Hi Steve,

   Please find below a brief biography (well, the only one I have found) on the writer who, as Armitage Trail, wrote the novel Scarface.

   I wonder if anyone has ever done any research to track down the pseudonymous work mentioned in it. I asked Victor Berch who knows little more — apparently he could not even find him in the census for the years he was alive. (Apparently his brother, also difficult to trace in official records, wrote over 20 episodes for the Addams Family [television show] amongst other work).

   Just wonder if he is worth putting in your blog to see if anyone can add to the bio?

Regards

   John Herrington

   Armitage Trail was a pseudonym for the American author Maurice Coons. The son of a theatrical impresario who managed the road tours of the New Orleans Opera Company, and also manufactured furniture and farm silos, Maurice Coons left school at 16 to devote all his time to writing stories. By 17 or 18, he was already selling stories to magazines. By his early twenties he was writing whole issues of various detective-story magazines under a great assortment of various names. And at 28 — after going to New York to write more stories, and from there to Hollywood to write movies — he dropped dead of a heart attack at the downtown Paramount Theatre in Los Angeles.

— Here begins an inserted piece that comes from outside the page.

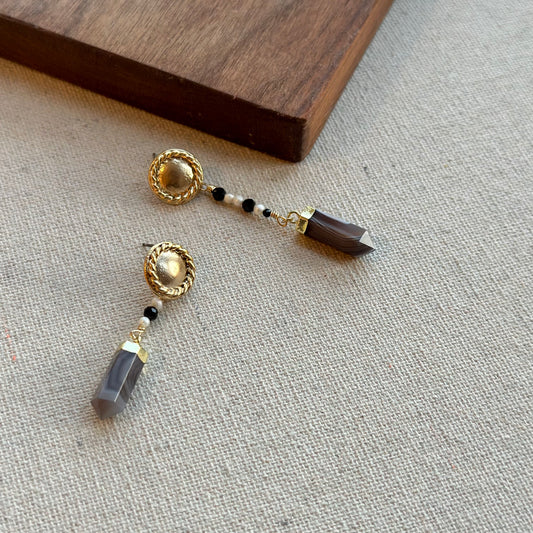 Botswana Agate And Spinel Gold-plated Ear Stud

   At the time of his death, he weighed 315 pounds, had a flowing brown moustache, and wore Barrymore-brim Borsalina hats. He was survived by his brother, humorous writer Hannibal Coons.

Scarface

   Maurice Coons gathered the elements for Scarface when living in Chicago, where he became acquainted with many local Sicilian gangs. For a couple of years, Coons spent most of his nights prowling Chicago’s gangland with his friend, a lawyer, and spent his days sitting in the sun room of his Oak Park apartment writing Scarface. He never did meet Al Capone, who was the inspiration for his immortal character, though Capone was very much alive when his book was published.

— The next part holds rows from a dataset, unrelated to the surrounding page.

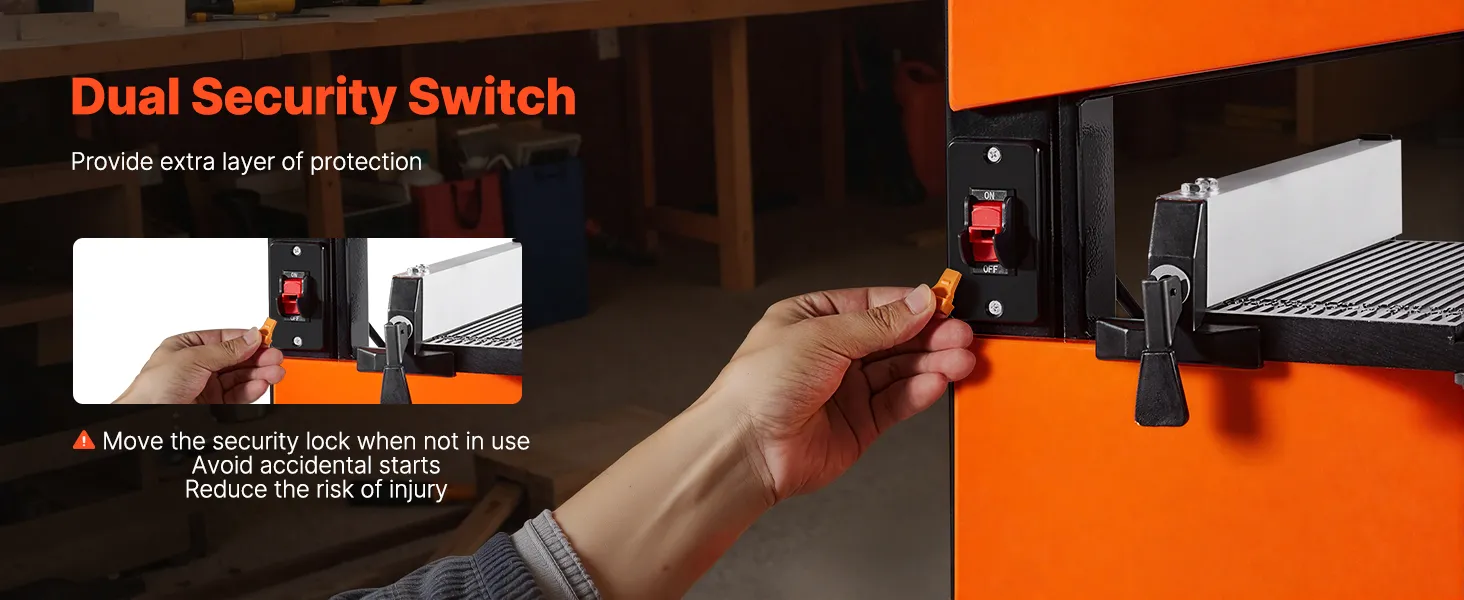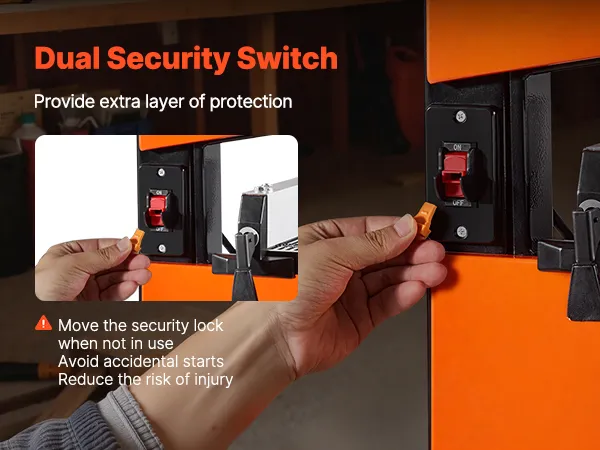 Dual Security Switch Protection: Detach the key when the woodworking tabletop bandsaw is not in use to avoid accidental startups by bumps, power surges, or external interference
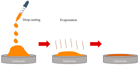 The prepared polymer solution, as described in Section 2.1., was casted by dropping onto the silicone oil-lubricated glass slide, as shown in Figure 1. The volume of the droplet was 30 µL. The process of drop-casting was carried under a temperature of 25 °C and relative humidity RH = 40%.
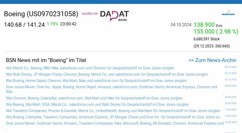 Boeing am 4.10. 2,98%, Volumen 83% normaler Tage
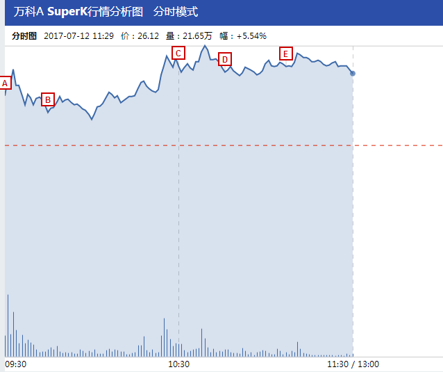 今日早盘,万科A(000002)股价走强,截至发稿,万科A高涨5.54%,报26.35元。
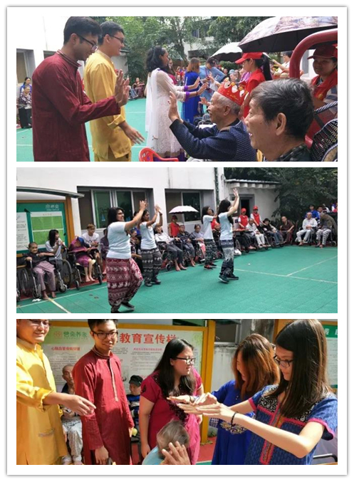 為了給爺爺奶奶們驚喜,社工還邀請(qǐng)到了國(guó)際志愿者,可愛的小哥哥小姐姐們?yōu)殚L(zhǎng)輩們帶來(lái)了異域風(fēng)情的馬來(lái)舞、印度走秀,引得現(xiàn)場(chǎng)陣陣掌聲。
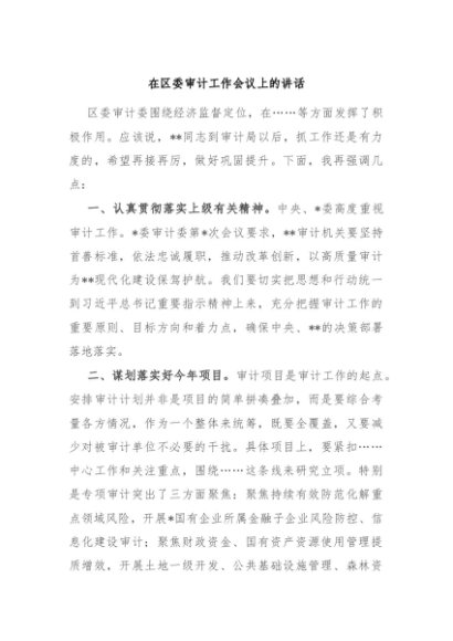 / 【七哥公文】2025年:在区委审计工作会议上的讲话+更多免费公文+VX:QiGeGongWen2024

   When Howard Hughes was making plans to produce the movie, Coons wanted Edward G. Robinson to play the leading role because of his resemblance to Capone but being Hollywood, it ended up with Paul [Muni] playing Scarface, a different-looking sort of man altogether. The author did not live to see the picture, but Al Capone did, and screenwriter Ben Hecht had to talk fast to convince his henchmen that Scarface was not based on him. Scarface was also made into a film in 1983, directed by Brian de Palma and starring AI Pacino. Armitage Trail’s only other surviving novel is The Thirteenth Guest ( 1929). Both his novels prefigure the birth of hard-boiled fiction and Black Mask magazine.

***

   From Crime Fiction IV, by Allen J. Hubin:

COONS, MAURICE (1902-1930); see pseudonym Armitage Trail.

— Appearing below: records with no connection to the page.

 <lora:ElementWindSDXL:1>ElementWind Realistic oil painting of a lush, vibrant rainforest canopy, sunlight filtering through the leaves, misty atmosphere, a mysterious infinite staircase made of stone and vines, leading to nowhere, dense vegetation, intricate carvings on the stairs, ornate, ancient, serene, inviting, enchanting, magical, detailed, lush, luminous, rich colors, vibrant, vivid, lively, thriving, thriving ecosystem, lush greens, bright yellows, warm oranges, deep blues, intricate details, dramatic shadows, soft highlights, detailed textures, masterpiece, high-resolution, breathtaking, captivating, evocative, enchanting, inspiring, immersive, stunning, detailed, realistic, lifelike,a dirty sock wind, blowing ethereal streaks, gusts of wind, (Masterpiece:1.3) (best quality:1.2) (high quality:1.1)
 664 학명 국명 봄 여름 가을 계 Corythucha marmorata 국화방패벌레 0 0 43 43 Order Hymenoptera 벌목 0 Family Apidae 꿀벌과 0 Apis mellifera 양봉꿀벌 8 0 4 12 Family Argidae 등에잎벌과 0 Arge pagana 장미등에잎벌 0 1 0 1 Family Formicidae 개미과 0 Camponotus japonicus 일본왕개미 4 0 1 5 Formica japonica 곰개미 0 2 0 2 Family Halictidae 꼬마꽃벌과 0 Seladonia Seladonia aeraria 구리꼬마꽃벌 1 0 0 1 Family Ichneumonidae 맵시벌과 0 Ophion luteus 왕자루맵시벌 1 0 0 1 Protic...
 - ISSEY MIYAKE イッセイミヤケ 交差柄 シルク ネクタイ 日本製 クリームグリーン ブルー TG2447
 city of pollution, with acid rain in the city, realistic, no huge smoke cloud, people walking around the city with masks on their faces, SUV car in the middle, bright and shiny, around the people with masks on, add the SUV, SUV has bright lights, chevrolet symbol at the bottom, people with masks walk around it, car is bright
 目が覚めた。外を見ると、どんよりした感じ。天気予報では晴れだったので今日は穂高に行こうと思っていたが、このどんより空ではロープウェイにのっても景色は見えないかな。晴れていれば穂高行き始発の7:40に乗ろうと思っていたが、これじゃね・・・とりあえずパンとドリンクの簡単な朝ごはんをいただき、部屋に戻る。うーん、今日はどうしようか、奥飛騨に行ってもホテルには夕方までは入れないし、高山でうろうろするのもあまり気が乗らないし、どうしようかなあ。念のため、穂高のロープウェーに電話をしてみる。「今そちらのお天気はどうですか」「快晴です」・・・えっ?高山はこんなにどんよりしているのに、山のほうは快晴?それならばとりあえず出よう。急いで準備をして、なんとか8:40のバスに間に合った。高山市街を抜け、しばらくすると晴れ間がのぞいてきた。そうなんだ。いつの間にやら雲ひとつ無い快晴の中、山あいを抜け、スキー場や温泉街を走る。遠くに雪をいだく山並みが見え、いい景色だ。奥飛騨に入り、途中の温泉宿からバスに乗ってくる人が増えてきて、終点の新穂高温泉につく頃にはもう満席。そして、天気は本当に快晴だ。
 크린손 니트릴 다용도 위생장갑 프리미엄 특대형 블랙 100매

TRAIL, ARMITAGE; pseudonym of Maurice Coons.

   * * Scarface (Clode, 1930, hc) [Chicago, IL] Long, 1931. Film: United Artists, 1932 (scw: Fred Palsey, W. R. Burnett, John Lee Mahin, Seton I. Miller, Ben Hecht; dir: Howard Hawks). Also: Universal, 1983 (scw: Oliver Stone; dir: Brian De Palma).

   * * The Thirteenth Guest (Whitman, 1929, hc) Film: Monogram, 1932 (scw: Francis Hyland, Arthur Hoerl, Armitage Trail; dir: Albert Ray). Also: Monogram, 1943, as Mystery of the Thirteenth Guest (scw: Charles Marlon, Tim Ryan, Arthur Hoerl; dir: William Beaudine).